As summarized by the Company’s FORM 10-Q for the quarterly period ended March 31, 2005, on February 23, 2001, the federal district court dismissed several claims raised by the plaintiff, with prejudice, and dismissed the remaining claims, without prejudice. On April 27, 2001, the Adams plaintiffs filed their second amended complaint. On March 29, 2002, the federal district court dismissed the Adams plaintiffs’ second amended complaint with prejudice. On May 2, 2002, the Adams plaintiffs appealed the dismissal to the 10th Circuit Court of Appeals. In a published decision, on August 11, 2003, the 10th Circuit Court of Appeals reversed the district court’s dismissal, but upheld the dismissal of Mr. Kinder, our Chairman and Chief Executive Officer, from this action. The mandate from the 10th Circuit Court of Appeals was issued on October 17, 2003. Briefing regarding class certification is complete and a decision is pending. Merits discovery commenced on June 7, 2004. The Court granted Mr. Adam’s motion to withdraw as a lead plaintiff. As a result, the case is now styled as Lamb v. Kinder Morgan, Inc. et al. The parties reached a settlement in principle of this matter and have signed a Memorandum of Understanding. The settlement documents were preliminarily approved by the Court on February 23, 2005. The Court has set a final approval hearing for May 20, 2005.
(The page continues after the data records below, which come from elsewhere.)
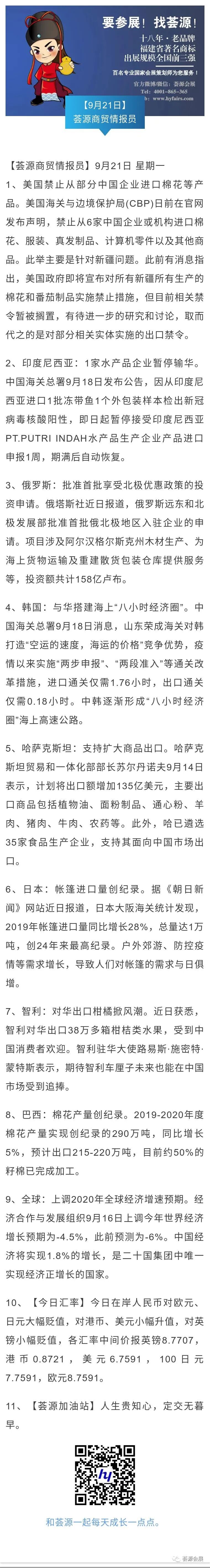 【荟源商贸情报员】9月21日分享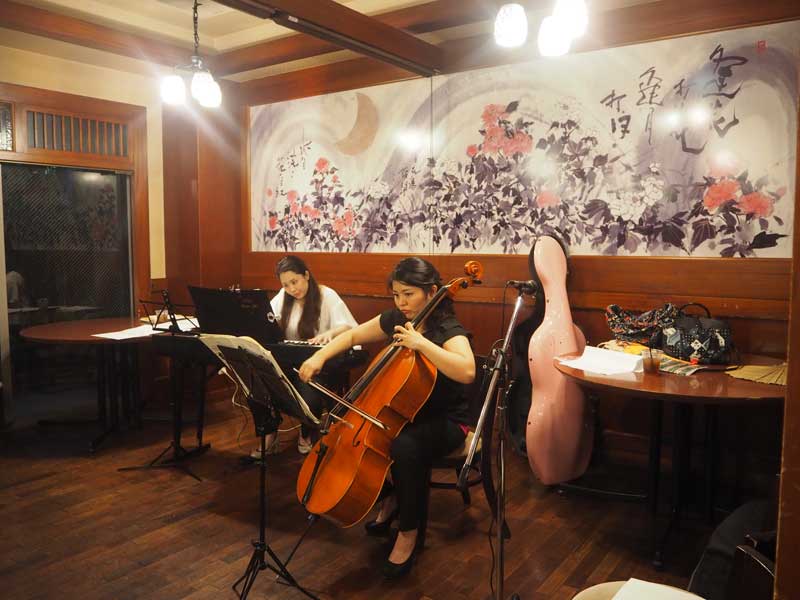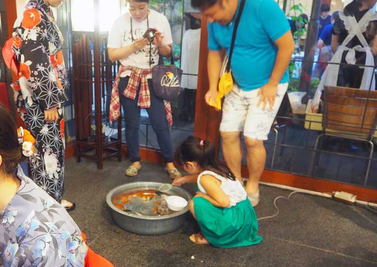大通りから一筋入った通りでは同日、中国料理店「墨花居」で夏祭りが開かれた。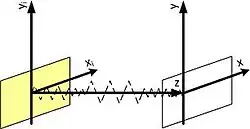Assuming the system looks like as depicted in the figure, the wave travels from the (xi, yi) plane to the (x, y) plane. The Fresnel transform is used to describe electromagnetic wave propagation in free space: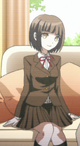 When she was in the motivational video with her parents in the first game and its corresponding anime adaption, her hair appeared neater in a classic bob cut, and she did not possess an ahoge. The uniform she wears in this video consists of a white button-up shirt, a brown blazer, a brown skirt, and a red ribbon.
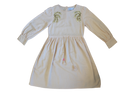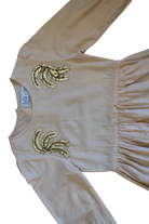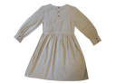 This dress features a beautiful light fabric with patterened detailing, gold embroidered beads and tassels on the waistband. Designed for comfort and ease of movement.

The original complaint asserts claims against KNE under the federal securities laws, Sections 10(b) and 20(a) of the Securities and Exchange Act of 1934, 15 U.S.C. ss 78(j)(b), 78(t)(a), and Rule 10b-5 (17 C.F.R. ss 240.10b-5), common law fraud, and negligent misrepresentation, in connection with a series of public filings made by KNE, and several newspaper articles and press releases concerning KNE.
The complaint alleges that various statements disseminated by KNE and certain of its senior officers and directors were material misrepresentations and/or omissions of material fact concerning: (a) the extraordinary risks posed by the high proportion of "keep whole" contracts to which the Company was party in connection with its processing plant operations; and (b) the reporting of materially misleading financial information by reporting as income proceeds from extraordinary transactions, not in the ordinary course of business, to bolster KNE's financial results in order to facilitate certain securities offerings of KNE essential to financing of a major corporate acquisition, without disclosing the increased exposure to risks of future losses created by the transactions.